Re: Clarifications of licences on pgfoundry - Mailing list pgsql-hackers

From Peter Geoghegan
Subject Re: Clarifications of licences on pgfoundry
Date
Msg-id AANLkTilfLvQAHCF_w8-zM9fugSW8L5lmVZFwrQeBOl0I@mail.gmail.com
Whole thread Raw
In response to Re: Clarifications of licences on pgfoundry  (Dave Page <dpage@pgadmin.org>)
List pgsql-hackers
> That is the case for *anything*. We could change the PostgreSQL
> licence if we wanted, but it would take a huge amount of effort and
> approval of every contributor ever whose work could be considered an
> artistic contribution.

I doubt it. Do you think that every single contributor is contactable?
Haven't some died? My guess is that it would be completely impossible.

> With PostgreSQL we rely on the sheer number of contributors to ensure
> the licence will never actually change. We cannot have such a
> guarantee for most smaller projects of course - simply attributing
> copyright to a non-existent legal entity such as PGDG (or as I
> understand it, even an actual entity) doesn't actually change who
> legally owns the copyright.
>
> To get the protection I think you seek, I believe we'd need to create
> a legal entity to own the copyright and then have every contributor to
> anything on pgFoundry sign a copyright assignment agreement that
> grants the legal entity copyright on the current and all future
> versions of that work, as hosted on there.

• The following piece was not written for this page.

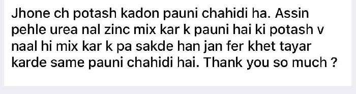 sukhwinder g potash nu khet tyaar krde sme paa skde ho...uss sme na hi urea pauni hai ate na hi DAP pauni hai ..sirf potash pao...
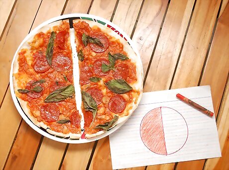 Use a pizza cutter and cut the pizza in half. Ask the child how many pieces there are and reply with, "Each equal piece is now one half". Allow them to draw another circle with a line in the middle from top to bottom. Color half of the circle. Explain that there's two pieces, but one piece is colored––name it "1/2".

And even then, there's no
> guarantee that the legal entity couldn't be bought or change it's
> charter, unless there's some way to irrevocably build things into its
> statutes.

IANAL, but I know that there was a similar situation when Trolltech
still existed and controlled the Qt framework. It was dual licensed
GPL2/proprietary (it is now dual LGPL/proprietary). Contributors were
required to sign reams of paperwork, which had to be sent out by fax
(I'm not sure why), to assign the copyright to Trolltech. Thankfully,
that situation has changed under Nokia - contributors retain the
copyright, and there is minimal red tape. Contributors are now asked
to grant Qt Software a non-exclusive right to re-use code as a part of
Qt, the first time they submit code for inclusion.